Het gezin Roovers ­ het oudste meisje Madeleine werd in 1944 geboren, en de tweede dochter Katinka in 1946 te Den Bosch – ging weer wonen in het Maashuis, dat opgebouwd kon worden uit de houten onderdelen die in de kelders van de kalkzandsteenfabriek lagen opgeborgen. Het derde kind Ijsbrand werd een jaar later geboren.  Het Maashuis werd behoorlijk krap, opgezet als het was .voor een vrijgezel kunstenaar.

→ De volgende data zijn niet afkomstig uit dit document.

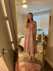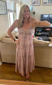 This dress is very pretty in person, but for a petite person it's more like a maxi dress, and the chest was a bit small if you have a larger bust.
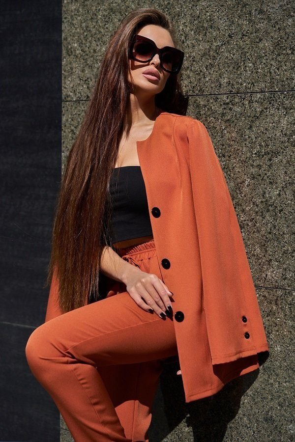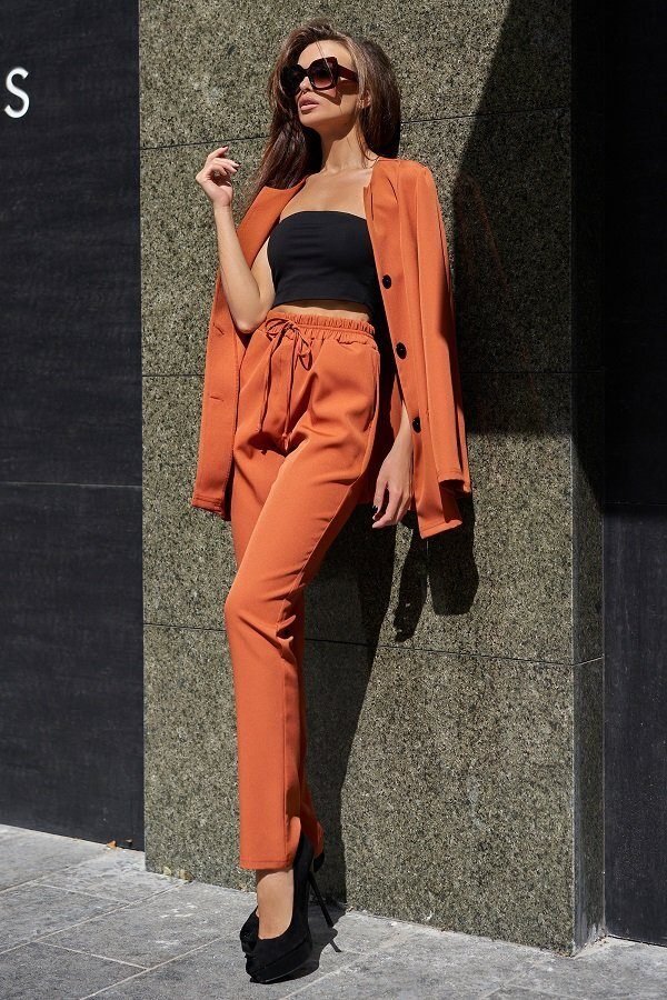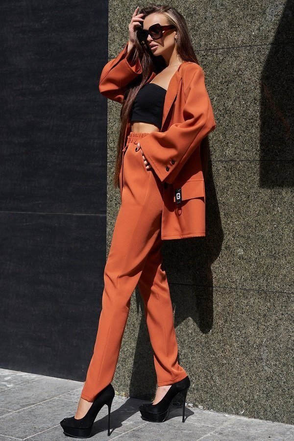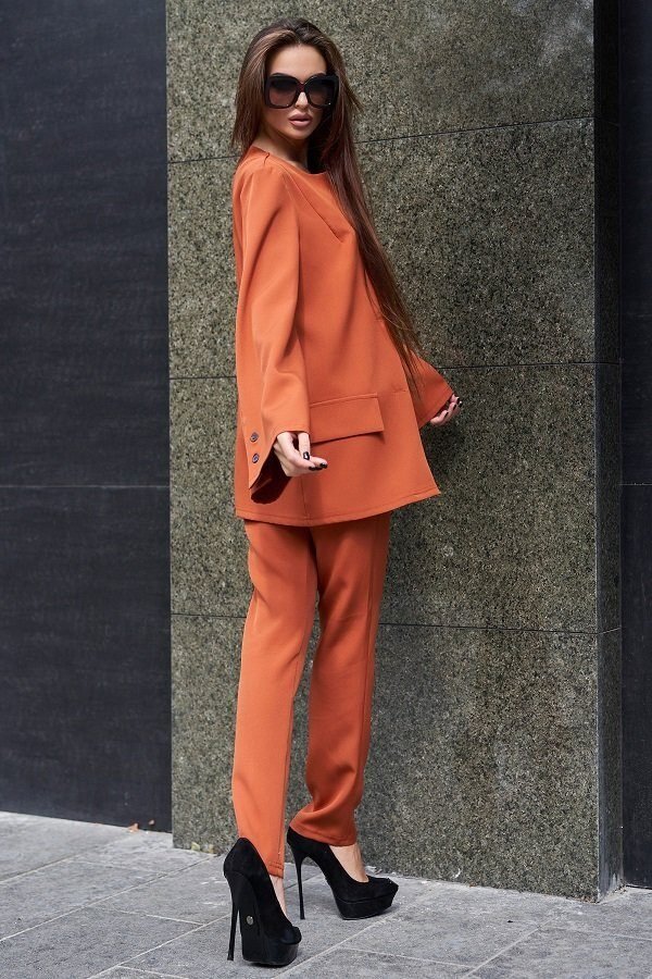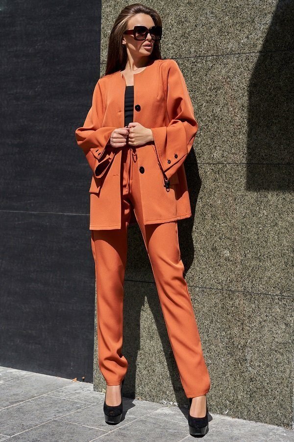Классический брючный костюм – двойка на основе двубортного жакета и брюк прямого кроя – по праву считается самым практичным и изысканным предметом женского гардероба. Элегантная модель брючного костюма прекрасно послужит для составления модных уличных луков, практичных повседневных аутфитов и романтичных ансамблей. В зависимости от выбранного стиля, подбирается модель определенного формата, которая заметно преображает и влияет на восприятие Вашего образа. Изысканный крой жакета делает акценты на груди, талии, визуально стройнит. Практичные брюки с прорезными карманами на широкой резинке со шнурком – добавят Вашему образу стиля!

De zomer van 1947 was legendarisch heet en werd gevolgd door een zeer strenge winter. Het was zó koud, dat het niet mogelijk was om in het atelier te werken. Roovers vroeg toen aan de burgemeester van Meerlo of die hem niet kon helpen. En deze man had een leuke suggestie: de ruïne van het twaalfde eeuwse kasteel Heijen. Nu gebeurde het in die tijd vaker dat men kunstenaars op kastelen posteerde. Bertus Aafjes belandde in 1951 op het grootste kasteel tussen Maas en Rijn, het kasteel Hoensbroek, dat gerestaureerd werd door De Staatsmijnen. Aad de Haas mocht, na jarenlang bekrompen wonen in het gehucht Ingber onder Gulpen, in het vervallen kasteel Strijthagen te Schaesberg zijn vleugels uitslaan. Het kunstenaars echtpaar Teun Roosenbeurg en Jopie Goudriaan trok in 1942 in het kasteel Oost, gelegen in de gemeente Eijsden. De gedachte hierachter was dat arme kunstenaars wel niet zo veeleisend zouden zijn wat betreft luxe, dat ze vaak gouden handen hadden en zeer vindingrijk waren, en dat ze gevoel voor historie en stijl hadden.  Maar het echtpaar Roovers wilde er in eerste instantie niet intrappen. Totdat ze een keer na een hevige sneeuwbui toch maar eens gingen kijken en betoverd raakten door het sprookjesachtige uiterlijk van het kasteeltje, met slotgracht en omringende landschap. Gestimuleerd door de oude eigenaren, de heer Otten en zijn vrouw, door de burgemeester van Meerlo, en door de heer Van Nispen tot Zevenaar van Monumentenzorg, durfden ze het tenslotte toch aan. De doorslag gaven in feite de Tiendschuur, die een prachtig atelier zou kunnen worden, en daarbij de gedachte dat ze tenslotte de oorlog ook hadden doorstaan “en erger kan ons niet overkomen”, zoals Louise zei. Ze kochten de ruïne met de dertig hectaren grond die erbij horen voor een niet al te hoog bedrag. Op 21 november 1949 trokken ze erin. Klaar was het nog lang niet, want niet alle ramen en deuren zaten erin, maar Jules de Roeper met zijn gezin stond te trappelen om het Maashuis in Mook over te kunnen nemen. Deze laatste heeft daar tot aan zijn dood in 1997, dus bijna vijftig jaar, gewoond en gewerkt.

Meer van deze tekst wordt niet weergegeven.